We examined correlates of insulin-like growth factor-I (IGF-I), an indicator of growth hormone levels, to identify factors associated with higher levels of IGF-I in old age.

DESIGN:

Nested study of cross-sectional correlates and early-life predictors of IGF-I level.

SETTING:

A longitudinal cohort study, the Framingham Heart Study.

PARTICIPANTS:

A total of 790 men and women (mean age 78.5, range 72-94), who had weight, waist and hip circumferences measured at the time of IGF-I measurement.

MEASUREMENTS:

Association of IGF-I with weight, fat distribution, functional status, nutritional indicators, and past health behaviors was assessed.

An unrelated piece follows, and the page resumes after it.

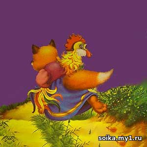 Лиса схватила его в когти, понесла в свою нору. Закричал петушок: —Несет меня лиса За темные леса, За быстрые реки, За высокие горы… Кот и дрозд, спасите меня!..
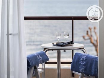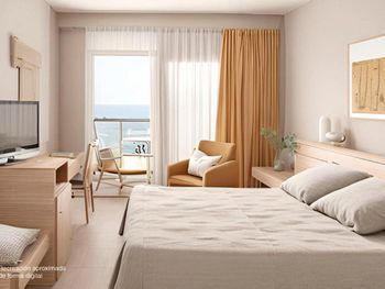 Вид с балкона. Завтраки и ужины. Береговая линия. Русское телевидение. В номере есть мини бар.

We also examined IGF-I in relation to body composition derived from dual energy X-ray absorptiometry.

RESULTS:

IGF-I levels declined with age in both men and women. However, low IGF-I did not show expected associations with low lean mass and increased body fat. Current functional status and grip strength were not associated with IGF-I Low IGF-I was associated with weight loss in men; the strongest associations were with indicators of poorer nutritional status in both men and women. Levels of IGF-I in old age did not vary by past health behaviors.

CONCLUSION:

Although IGF-I declined with age, these data from the Framingham Heart Study did not show expected cross-sectional associations of weight, body fat, and lean mass. The strongest associations were between IGF-I and nutritional indicators. These results suggest caution may be warranted with regard to use of IGF-I as an indicator of growth hormone.